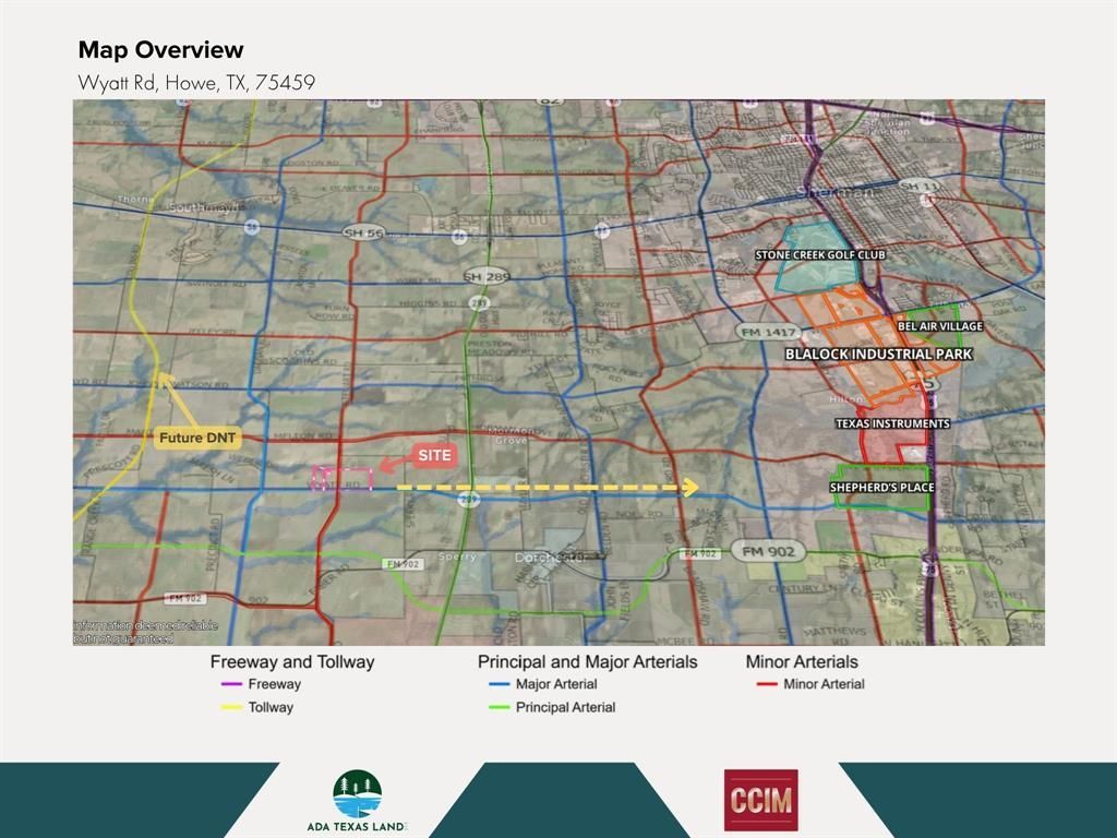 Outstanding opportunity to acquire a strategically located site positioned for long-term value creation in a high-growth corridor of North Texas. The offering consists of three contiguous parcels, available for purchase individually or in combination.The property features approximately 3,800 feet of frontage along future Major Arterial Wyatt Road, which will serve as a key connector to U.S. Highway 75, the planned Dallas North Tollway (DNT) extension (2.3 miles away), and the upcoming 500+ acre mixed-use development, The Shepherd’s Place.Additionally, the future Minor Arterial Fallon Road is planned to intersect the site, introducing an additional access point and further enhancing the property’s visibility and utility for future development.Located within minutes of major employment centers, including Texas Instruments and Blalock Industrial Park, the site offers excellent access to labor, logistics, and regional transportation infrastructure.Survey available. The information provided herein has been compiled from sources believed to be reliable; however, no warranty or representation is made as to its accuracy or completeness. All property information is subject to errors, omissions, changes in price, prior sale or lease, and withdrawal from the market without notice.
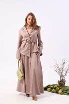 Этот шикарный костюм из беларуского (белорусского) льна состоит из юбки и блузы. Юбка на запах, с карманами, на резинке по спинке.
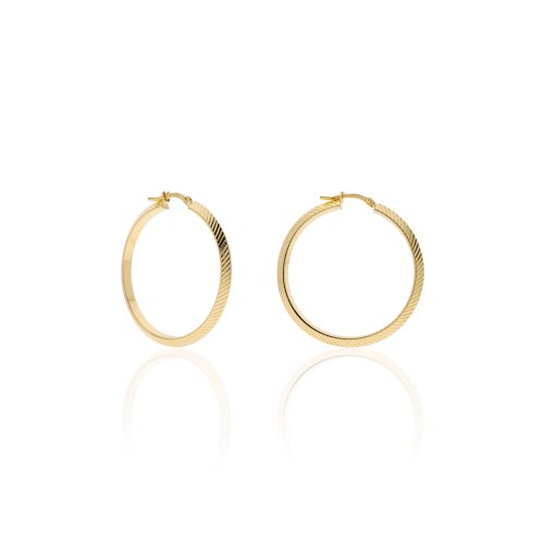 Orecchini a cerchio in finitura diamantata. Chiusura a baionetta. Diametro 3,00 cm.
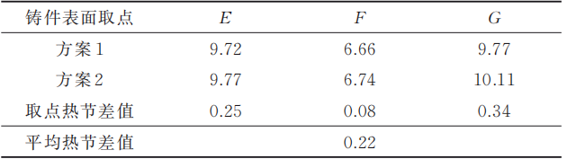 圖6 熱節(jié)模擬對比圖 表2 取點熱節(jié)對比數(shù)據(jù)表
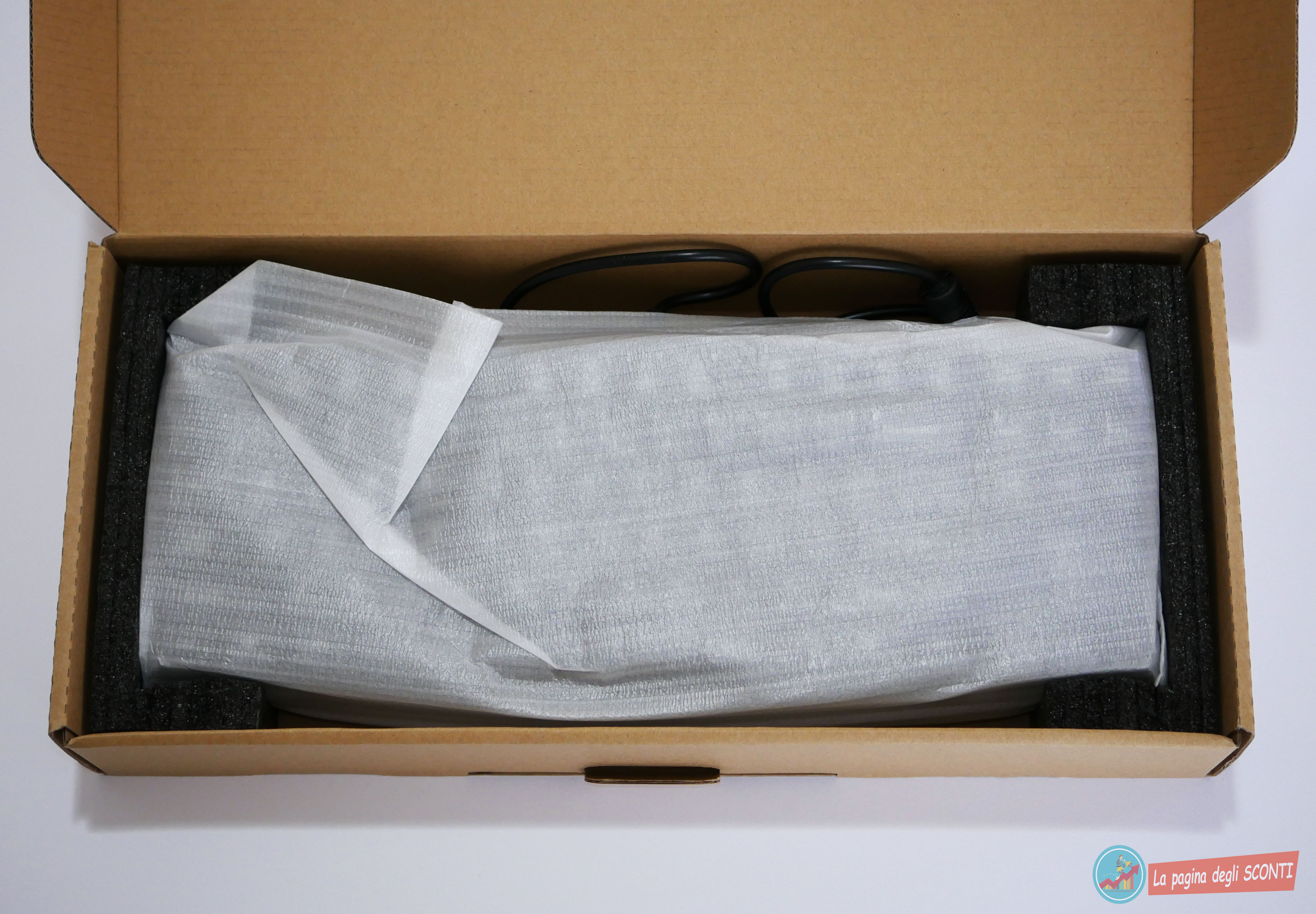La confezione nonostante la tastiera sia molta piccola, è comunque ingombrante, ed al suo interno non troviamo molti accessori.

****************************************

The lines to repeat run from the line containing "圖6 熱節(jié)模擬對比圖 表2 取點熱節(jié)對比數(shù)據(jù)表" through the end of the listing above, both included; give them exactly and without pictures.

 圖6 熱節(jié)模擬對比圖 表2 取點熱節(jié)對比數(shù)據(jù)表
La confezione nonostante la tastiera sia molta piccola, è comunque ingombrante, ed al suo interno non troviamo molti accessori.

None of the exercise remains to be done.